- WHAT TO DO:
Below is a listing; repeat exactly the lines from the one containing "KEGG analysis showed" to the one containing "Βαμβακερή Τσάντα Χειρός", both included.

- DATA FOR THIS EXERCISE:
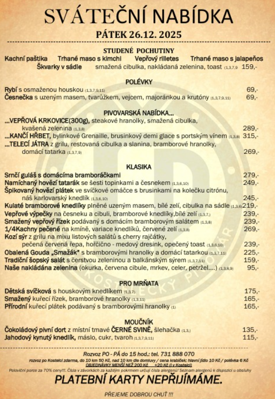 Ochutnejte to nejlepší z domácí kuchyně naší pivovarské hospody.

---

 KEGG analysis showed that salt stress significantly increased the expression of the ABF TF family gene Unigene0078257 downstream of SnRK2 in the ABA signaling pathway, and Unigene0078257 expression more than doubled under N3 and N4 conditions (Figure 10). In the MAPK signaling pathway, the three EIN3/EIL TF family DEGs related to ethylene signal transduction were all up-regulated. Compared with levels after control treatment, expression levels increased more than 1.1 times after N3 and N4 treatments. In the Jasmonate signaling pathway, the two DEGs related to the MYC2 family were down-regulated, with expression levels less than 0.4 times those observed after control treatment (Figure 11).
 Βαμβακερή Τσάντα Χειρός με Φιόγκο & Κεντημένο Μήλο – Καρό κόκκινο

- EXERCISE SOLUTION:
 KEGG analysis showed that salt stress significantly increased the expression of the ABF TF family gene Unigene0078257 downstream of SnRK2 in the ABA signaling pathway, and Unigene0078257 expression more than doubled under N3 and N4 conditions (Figure 10). In the MAPK signaling pathway, the three EIN3/EIL TF family DEGs related to ethylene signal transduction were all up-regulated. Compared with levels after control treatment, expression levels increased more than 1.1 times after N3 and N4 treatments. In the Jasmonate signaling pathway, the two DEGs related to the MYC2 family were down-regulated, with expression levels less than 0.4 times those observed after control treatment (Figure 11).
 Βαμβακερή Τσάντα Χειρός με Φιόγκο & Κεντημένο Μήλο – Καρό κόκκινο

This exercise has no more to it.